Mustafa
Yıldız, KOÜ Tıp Fak, Ruh Sağlığı ve Hastalıkları AD
Öğretim Üyesi, Kocaeli, 11/05/2019
Tolerans sözcüğü Türkçeye 1924’te Fransızcadan geçmiş olup tahammül anlamında
kullanılmaktadır. Latince kaldırmak, taşımak, tartmak anlamındaki tolerare sözcüğünden köken almıştır.
Başkalarının
davranış, düşünce ve değer yargılarının saygıyla karşılanması ve toplumsal
açıdan kabul edilebilir bulunması hoşgörü
(tolerance) olarak nitelenir. Toplumsal
hoşgörü (social tolerance) olarak da bilinen bu kavramın benimsenmesiyle birey
ve topluluklar farklı olanlara saygı duymakla kalmaz aynı zamanda onların kendilerini
ifade etmesine olanak tanır. Özgür ifadenin savunuculuğu toplumsal hoşgörü
içinde olumlu bir tutum olarak ele alınır. Birey ya da toplum her zaman
farklılıkları onaylamak durumunda değildir. Farklı olan kişi, olay, nesne ya da
duruma katlanma söz konusudur. Olumlu ve olumsuz çağrışımlarıyla bu tutumları Türkçede
hoşgörü ve katlanım sözcükleri karşılar. İkinci durum aynı zamanda sıkıntılı,
zorlu, ağrılı, sancılı, istenmedik durumlara katlanma yetisi olarak da ele
alınır. Bireylerin engeller karşısında gösterdiği katlanma gücü engellenme katlanımı (tolerance of frustration), yaşadığı
kaygı ve endişe karşısında gösterdiği katlanma gücü kaygı katlanımı (tolerance of anxiety), belirsizlik karşısında gösterdiği
katlanma gücü belirsizlik katlanımı (tolerance
of uncertainty) olarak nitelenir.
Toplumbilim ve
ruhbilimde hoşgörü ya da katlanım olarak karşılık bulan tolerans sözcüğünün tıptaki uygulamalarda farklı bir karşılığa
gereksinimi olduğunu düşünüyorum.
İlaçların tedavi
edici etkisi genellikle uygun doz aralıklarında aynı şekilde gerçekleşir. Ancak
kimi durumda ilacın etkisine bedenin verdiği tepkide değişiklik olur, dokuların
ilaca duyarlığı giderek azalır ve ilacın etkisi zayıflamaya başlar. Burada
ilacın etkisi karşısında beden dokularında nerdeyse ilaca karşı bir duyarsızlık
oluşmakta, aynı etkiyi sürdürmek için daha fazla ilaca gereksinim doğmaktadır. İlaç
dozu olağan sınırın üstüne çıkmaya, artmaya, katlanmaya başladığı için bu
durumu ilaç katlancı (drug tolerance)
olarak nitelemek uygun olacaktır. İlaç katlancı kimi zaman hızlı (akut) kimi
zaman da uzun bir kullanımdan sonra (süreğen, kronik) ortaya çıkabilir (ivedi katlanç / acute tolerance, süreğen katlanç
/ chronic tolerance).
İlaç ya da alkol ve
madde kullanımlarında hızlı ya da yavaş katlanç gelişimi yanında bir de çapraz katlanç (cross tolerance)

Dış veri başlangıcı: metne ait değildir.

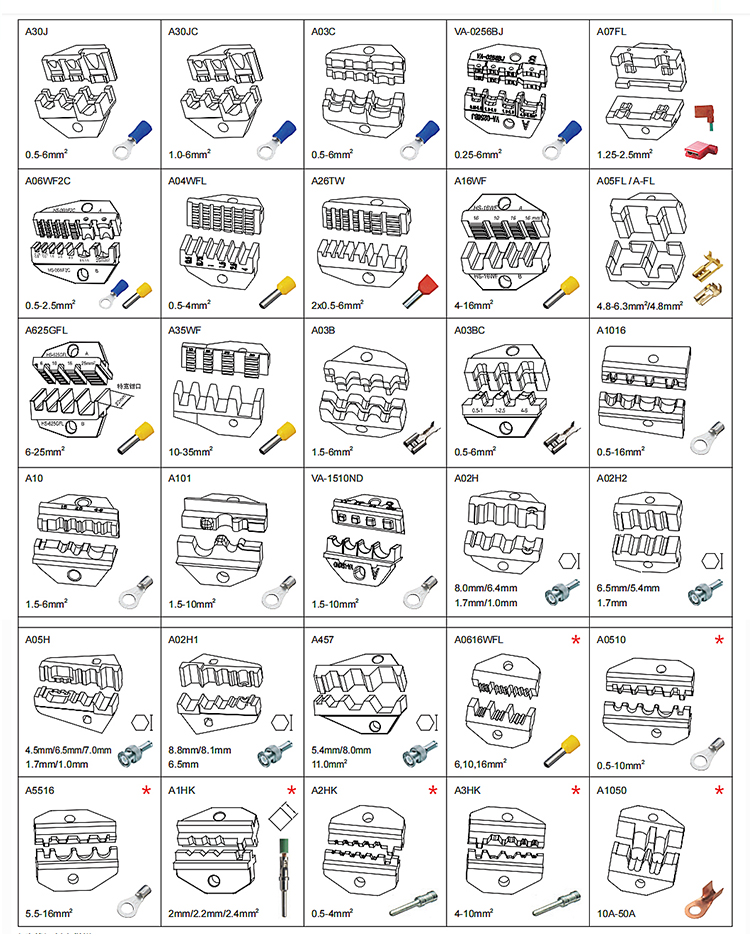- Наборы матриц взаимозаменяемы с ручными инструментами для опрессовки компании-производителя
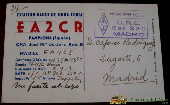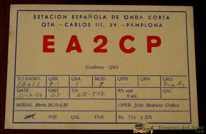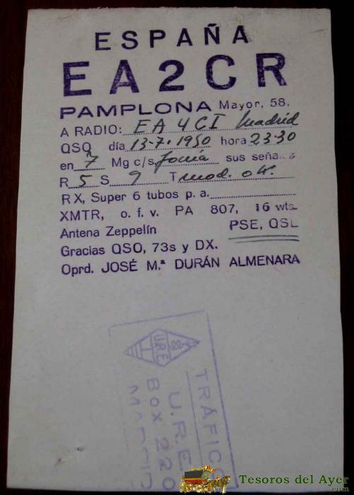 ANTIGUA TARJETA QSL - EA2CR - PAMPLONA - AÑOS 50

gelişimi söz konusudur. Burada bir ilacın ya da maddenin düzenli kullanımı
sonucunda aynı aileden başka bir ilaç ya da maddeye katlanç gelişimi olur. Örneğin
süreğen eroin kullanımı sonucunda diğer opiyatlara katlanç gelişir.
Süreğen kullanımda ilaç
ya da maddenin beden tarafından giderek daha hızlı sindirilmesi (metabolize edilmesi)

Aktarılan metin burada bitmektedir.